Semitz was trying to stuff something, perhaps his ripped-off shirt tail into a wound Lang could not see from his angle. “Fuck ‘em! That guy in the booth was no more Bosnian than I am. He’s Asian, probably North Korean. The real customs guy is off somewhere, counting what he got paid to take a walk.”
“And the other one, the guy in the booth across the road?”
“Didn’t get a good look at him. He took off running just when the shooting started.”
Lang got out of the car and opened the hatch-like rear door. “We’ll take the problems as they come. Help me move him into the back, try and stop the bleeding while I drive.”
Semitz and Lang somehow wrestled a moaning Rogers into the compartment behind the Audi’s rear seats. Lang heard the sucking, wheezing sound of a man with a chest wound.
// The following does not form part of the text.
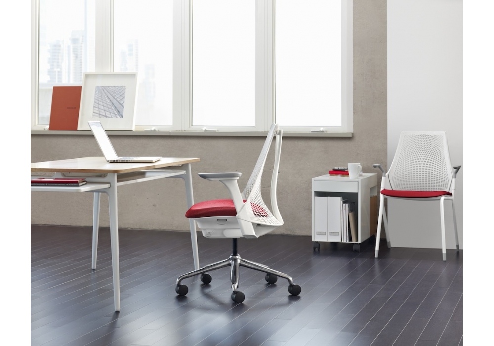 Sayl firmata da Yves Béhar per Herman Miller è una sedia da ufficio, ha un design eco della seduta e utilizza una minore quantità di materiale in modi innovativi per garantire un sostegno ergonomico a utenti fino a 159 kg di peso. Disponibile in differenti finiture.
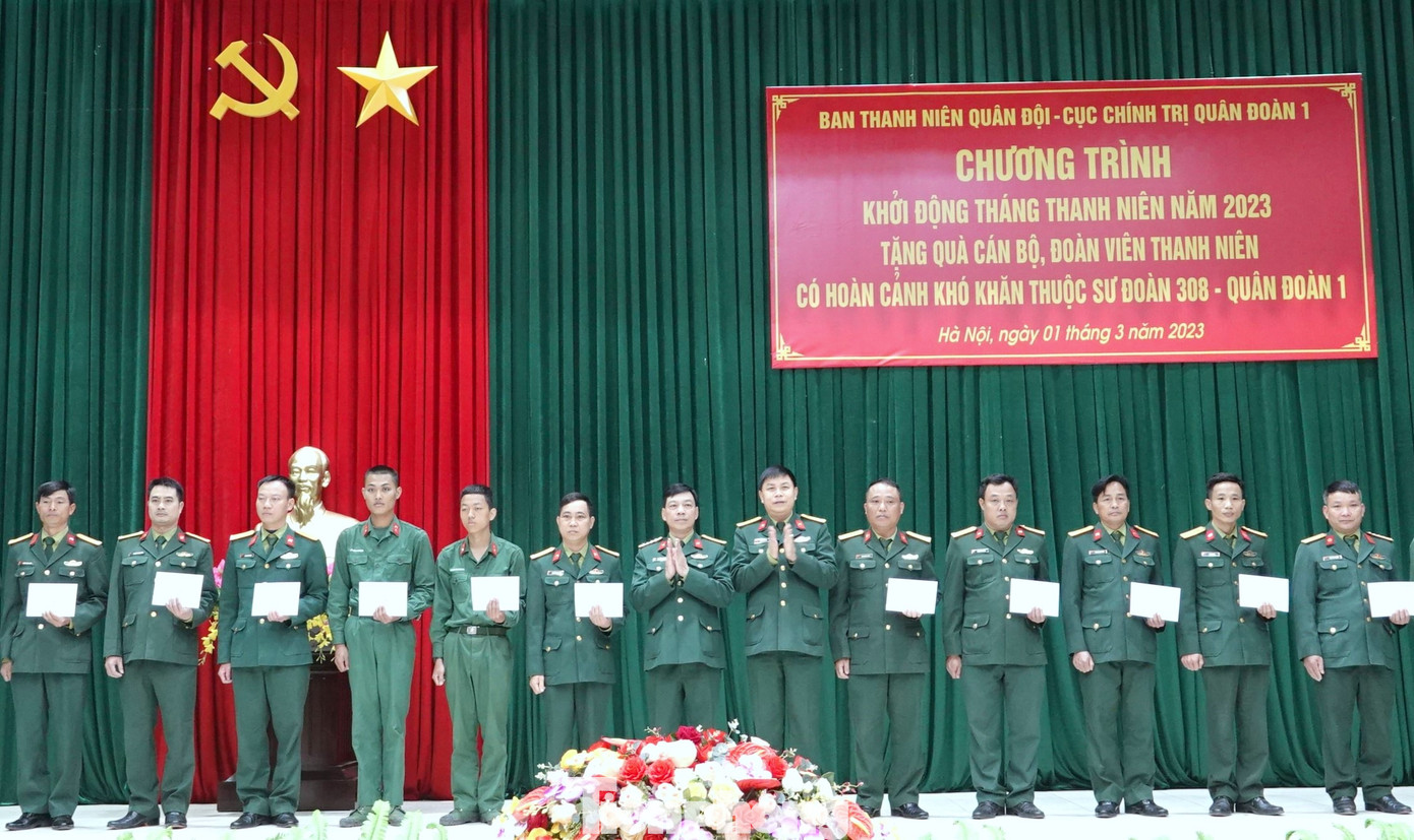 Dịp này, Ban Thanh niên Quân đội và Cục Chính trị Quân đoàn 1 tặng 60 suất quà cho cán bộ Đoàn, ĐVTN thuộc Trung đoàn 102 có hoàn cảnh khó khăn và đối tượng chính sách trên địa bàn huyện Quốc Oai, thành phố Hà Nội (mỗi suất trị giá 1 triệu đồng).

Without medical attention, it was a tossup whether Rogers would bleed out or drown in his own blood.
Lang put the car in gear and drove off.
Semitz had been thinking. “You know there’s another set of customs just down the road.”
A sentence, not a question.
“Any chance the US Navy can come to the rescue, send a chopper to get us out of this mess, not to mention saving Rogers’ life?” Lang was hoping more than asking.
Semitz shook his head. “ ’Fraid not. Nearest friendly military of any kind is Caserma Del Din, Italy. In the Veneto, 173
rd
Airborne. Take a chopper over two hours to get here, never mind invading a sovereign country’s air space. We’re pretty much on our own.”
Lang had anticipated the unlikelihood of an extraction. He said nothing.
By now, the Audi’s rear compartment looked as though it had been used to butcher cattle or pigs, something that hardly would go unnoticed by the customs officials at the far side of the ‘neck,’ not to mention a badly-wounded man, obviously shot, and the remnants of the Audi’s shattered driver’s window. Lang hadn’t checked for bullet holes in the coachwork.
Anyway he sliced it, he was less than optimistic about the next stop. They were on their own, alright.